» **ASSIGNMENT**:
The answer must consist solely of the lines from the one with "Tổng thống Obama" through the last line of the data, copied exactly, with no pictures.

━━━━━ PROVIDED ENTRIES

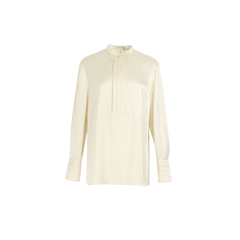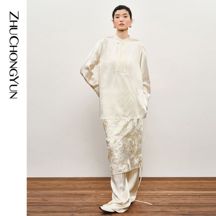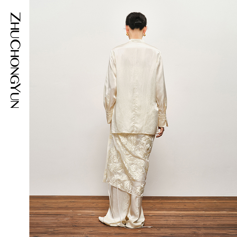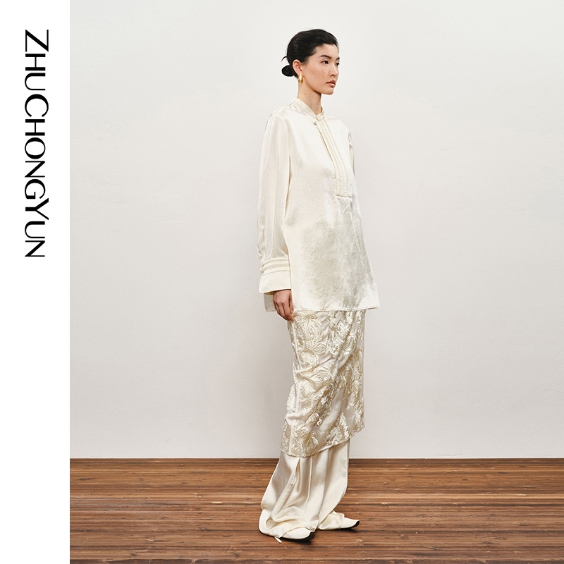ZHUCHONGYUN2025秋新款米黄色立领褶裥织条光泽缎面直身衬衫上衣
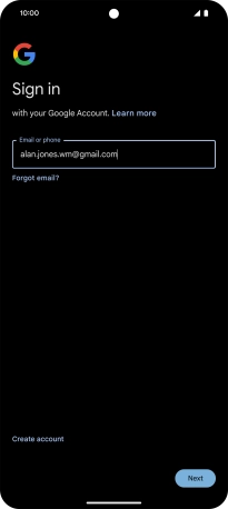 If you don't have a Google account, press Create account and follow the instructions on the screen to create an account.
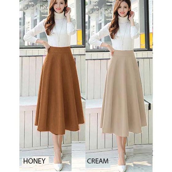 (L083) MID LENGTH FLARE SKIRT (Rok 7/8) midi High Waist Wanita
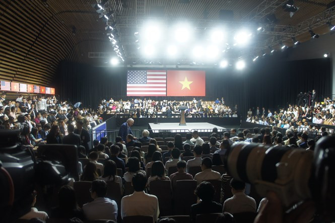 Tổng thống Obama tiếp lời: Cần nhớ rằng ở Việt Nam, 2/3 người dân sinh sau năm 1975. Các bạn nhìn ra thế giới với sự tươi sáng, không bị tư duy kiểu cũ. Các bạn có nhận thức, năng lực để không chỉ phát triển Việt Nam, mà còn định hình thế giới. Các bạn có công nghệ để kết nối.
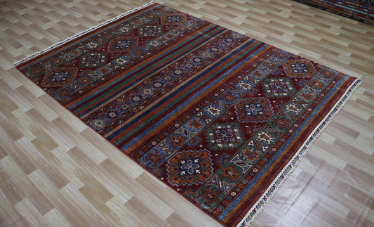 6x8 ft Afghan Area Rug, Multicolor Striped Hand Knotted Wool Traditional Carpet For Living Room, Bedroom Rug, Dining Table Rug, Tribal Rug

━━━━━━━━━━

» **REPLY TO THE TASK**:
 Tổng thống Obama tiếp lời: Cần nhớ rằng ở Việt Nam, 2/3 người dân sinh sau năm 1975. Các bạn nhìn ra thế giới với sự tươi sáng, không bị tư duy kiểu cũ. Các bạn có nhận thức, năng lực để không chỉ phát triển Việt Nam, mà còn định hình thế giới. Các bạn có công nghệ để kết nối.
 6x8 ft Afghan Area Rug, Multicolor Striped Hand Knotted Wool Traditional Carpet For Living Room, Bedroom Rug, Dining Table Rug, Tribal Rug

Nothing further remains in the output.